Binali Yıldırım'dan talan itirafı: Zeytin mi daha önemli, tesis mi? (06.06.2017)

Başbakan Binali Yıldırım, partisinin grup toplantısında yaptığı konuşmada zeytinliklerin talan edilmesinin önünü açan yasayla ilgili itiraf gibi açıklamalarda bulundu. Yıldırım, "Bu işin yapılmasında üstün kamu yararı varsa bu gerçekleşecek. Zeytin mi daha önemli, tesis mi daha önemli?" dedi.

DHA

<video:755319>

 

Başbakan Binali Yıldırım, grup toplantısının ardından Almanya'nın İncirlik'ten çekilme kararı hakkında konuştu. Yıldırım, "Nasıl istiyorlarsa öyle yapsınlar" dedi. 

AKP Grup Başkanı ve Başbakan Binali Yıldırım, partisinin TBMM'de düzenlenen grup toplantısında hitap etti. Suriye, Irak, Yemen ve Libya krizleri bitmeden Körfez'de yeni bir kriz çıktığını belirterek, Arap Yarımadası'nda Katar konusundaki son gelişmelere değinen Yıldırım, "Bu gelişmeyi Türkiye olarak üzüntüyle karşılıyoruz. Bölgemizin barış ve istikrara ihtiyacı olan bir dönemde, stratejik iş birliğimiz olan Körfez İş Birliği Konseyi üyelerinin kendi aralarında yaşanan sorunlara diyalogla, sükunetle çözüm üretmelerini temenni ediyoruz. Meselenin çözümü için Sayın Cumhurbaşkanı'mız başta olmak üzere hükümetimiz ilgili ülkeler nezdinde ve diğer ülkeler nezdinde diplomatik temasları başlatmış bulunuyor. Hükümet olarak her seviyede çalışmalarımızı sürdürüyoruz. Beklentimiz ve arzumuz Körfez İş Birliği Konseyi üyelerinin, aralarındaki bu meseleyi müzakere ve iletişim yoluyla tatlıya bağlamalarıdır. Bölgede yaşanan terör olayları, arzu ettiğimiz bu birlik ve beraberlik ruhunu her gün daha da gerekli ve zorunlu hale getirmektedir. Mübarek Ramazan ayına yakışan dostane bir diyaloğun geliştirilmesi için Türkiye olarak aktfi tutumuzu sürdürmeye devam edeceğiz.

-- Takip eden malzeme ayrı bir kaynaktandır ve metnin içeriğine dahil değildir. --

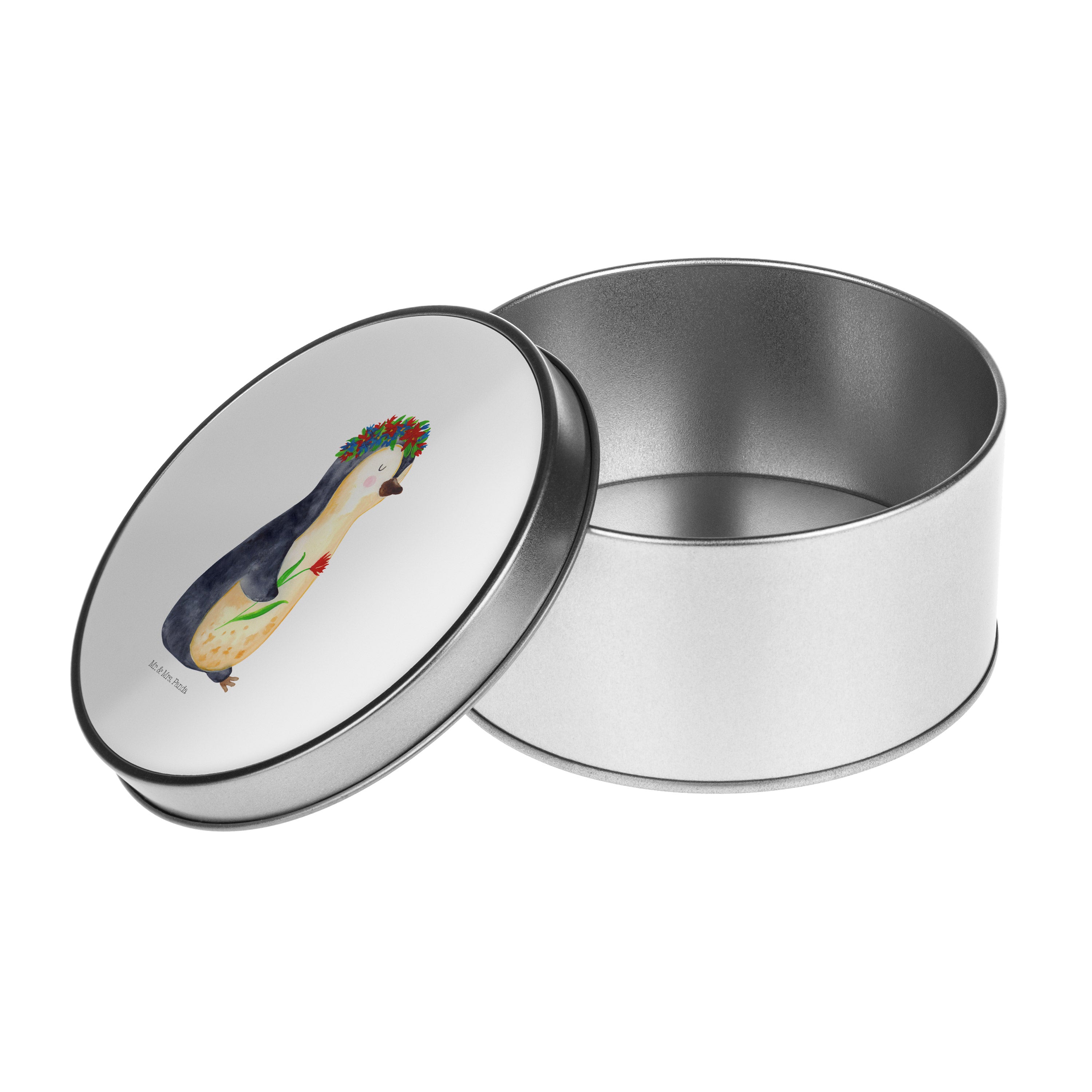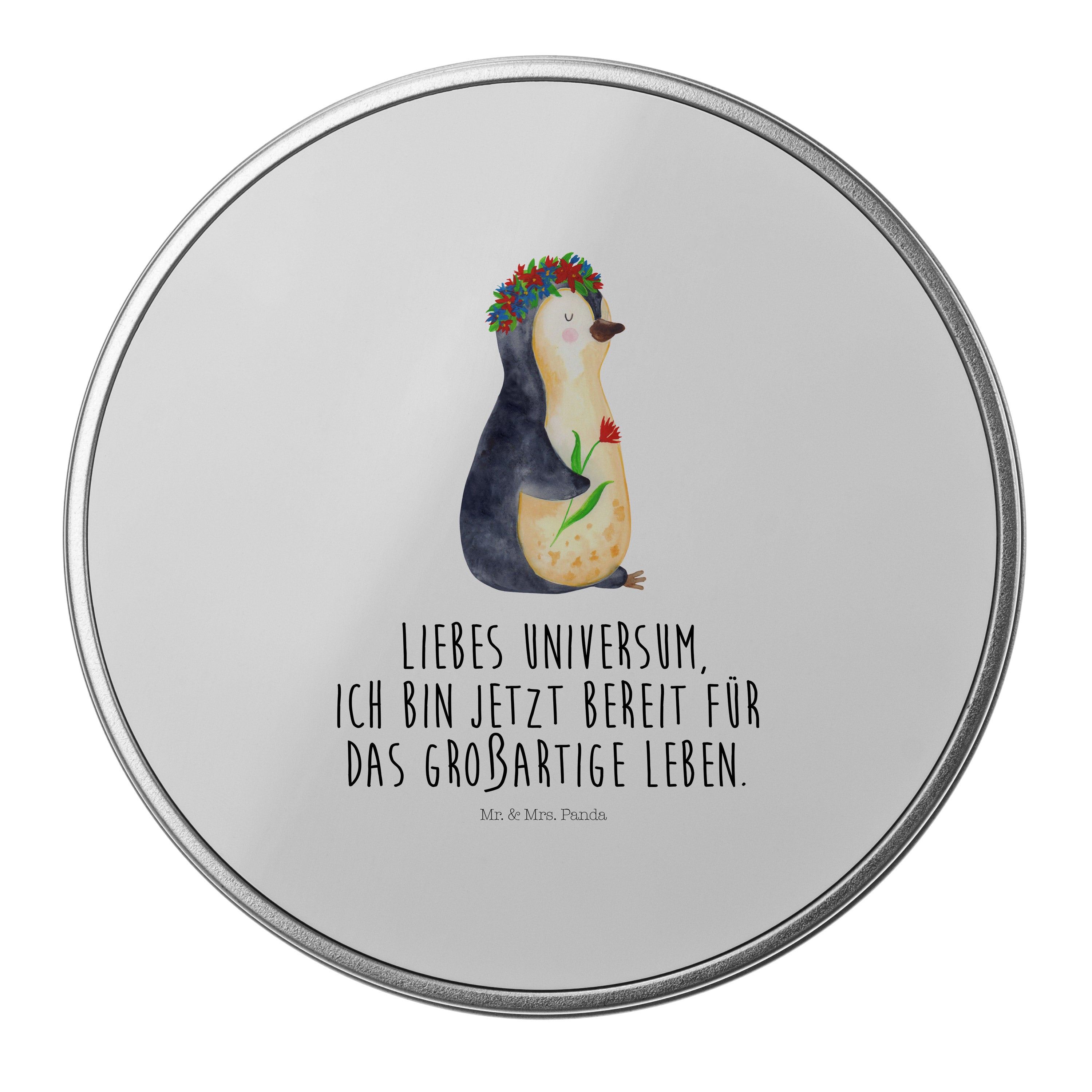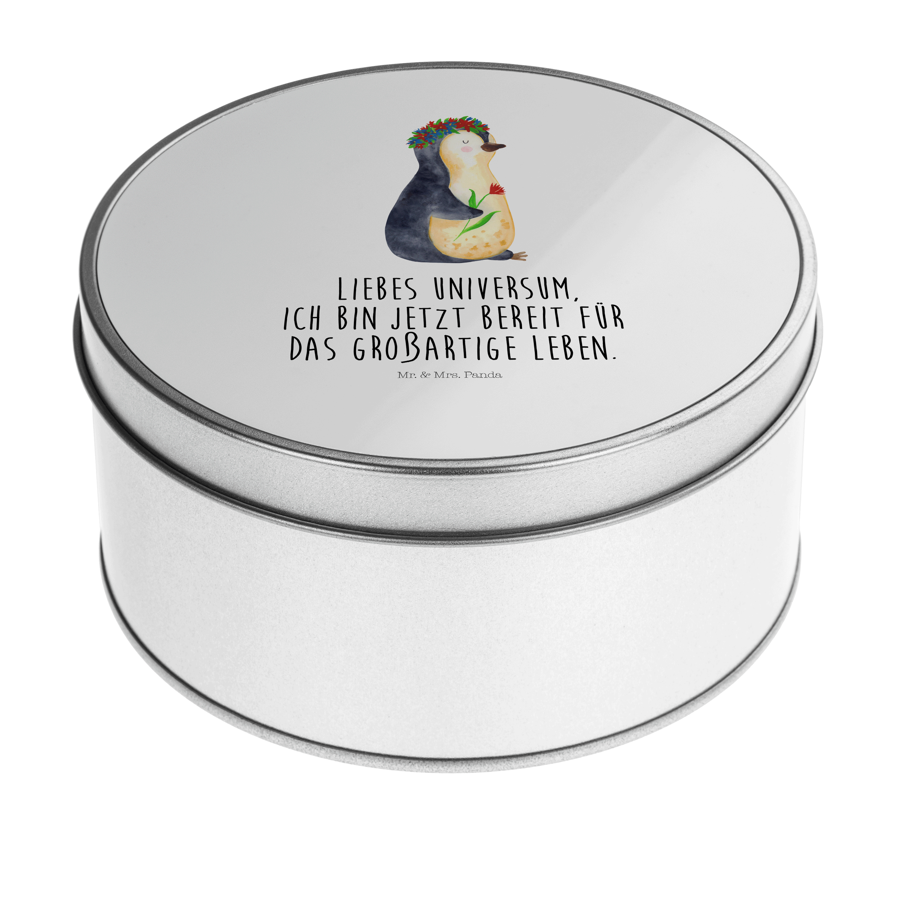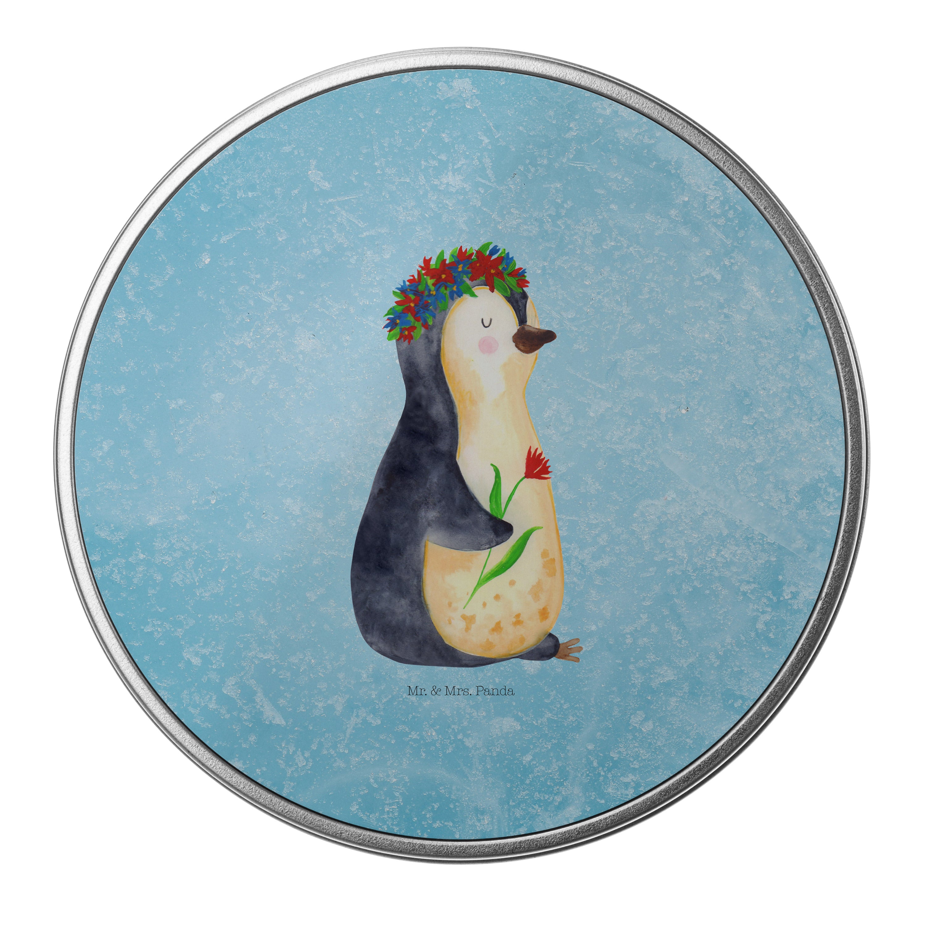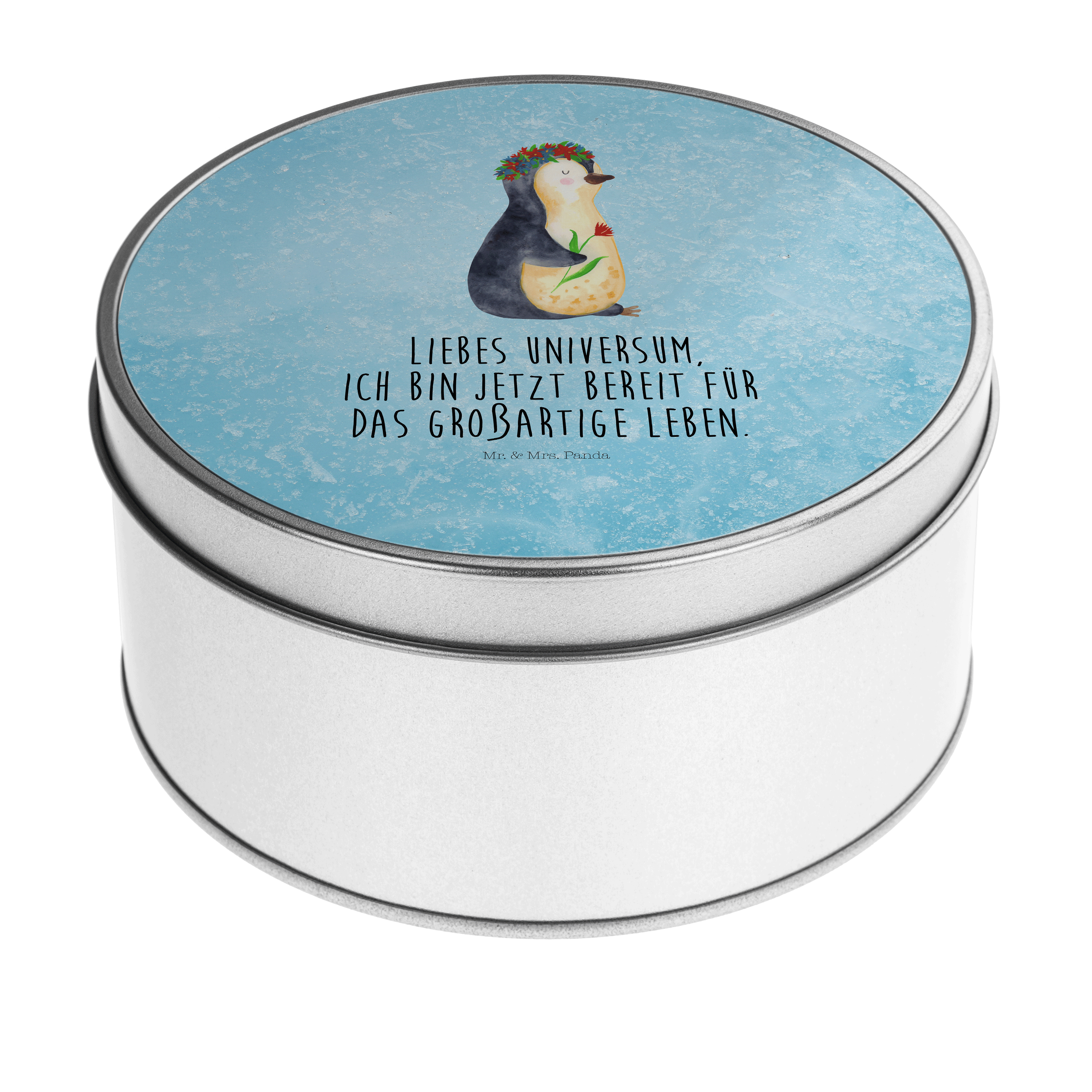 Blechdose rund Pinguin Blumenkranz - mit Spruch - Eisblau
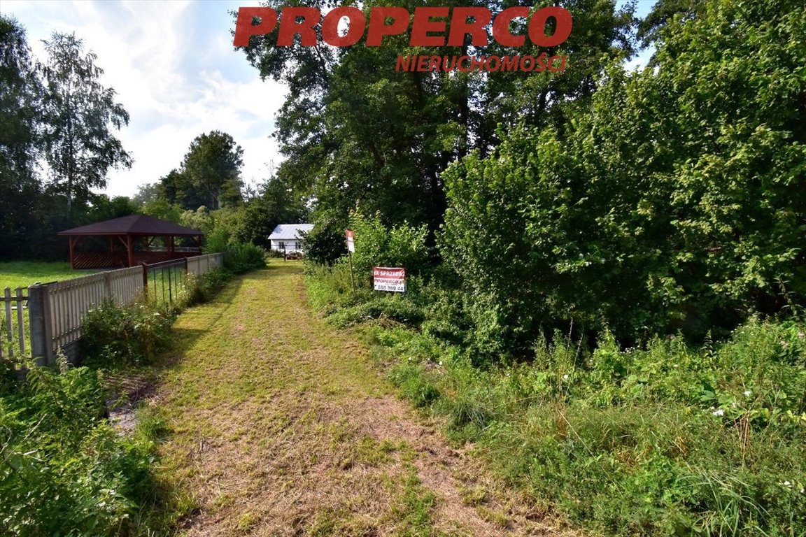 Działka w kształcie wielokąta, położona w drugiej linii w stosunku do drogi, częściowo ogrodzona, niezagospodarowana.

Devletler arası ilişkiler, asılsız haberler yüzünden yara almamalıdır" diye konuştu. 

"GEREKLİ TEDBİRLERİ ALIYORUZ"
ABD'nin, Rakka'da terör unsurlarıyla operasyon başlattığını dile getiren Başbakan Yıldırım, şöyle devam etti: "Bu konuyla ilgili defalarca ikazlarımıza rağmen müttefikimiz ve dostumuz Birleşik Devletler, ne yazık ki terör gruplarıyla bir başka terör grubunu yok edeceğini düşünerek, iş birliğine gitti. Türkiye olarak bu iş birliğinin doğuracağı sonuçlardan ülkemizin zerre kadar zarar görmesine asla izin vermeyeceğiz. Eğer terör ister içeride ister dışarıda ülkemizi, milletimizi, vatandaşımızın can ve mal güvenliğini nerede tehdit ederse etsin anında gereken karşılık verilecek. Aynı zamanda bu harekat devam ederken, Rakka operasyonu sonrası ortaya çıkan durumu da yakından izliyoruz. Gerekli tedbirleri alıyoruz. Türkiye olarak Cerablus'ta, Rai'de, El Bab'da yürüttüğümüz mücadelenin, bölgenin istikrarı ve barışı için ne kadar isabetli bir iş olduğu geçtiğimiz günlerde görüldü. Ülkemiz için tehdit oluşturan hiçbir duruma müsaade etmeyeceğiz. Rakka'da ya da o bölgede herhangi bir noktada güvenliğimizi tehdit eden bir durumla karşılaşırsak, gereken cevabı anında veririz"

"TERÖR ÖRGÜTLERİNE DESTEK, MÜTTEFİKLİKLE BAĞDAŞMIYOR"
Başbakan Yıldırım, "Terör örgütlerine destek, müttefiklikle bağdaşmıyor. Bölgedeki terör örgütlerine karşı hiçbir ayrım yapmadan, ortak bir dille mücadele edilmesi şarttır. Türkiye'nin hassasiyetleri ve kırmızı çizgiler bellidir. Bunlar asla değişmeyecektir" dedi. 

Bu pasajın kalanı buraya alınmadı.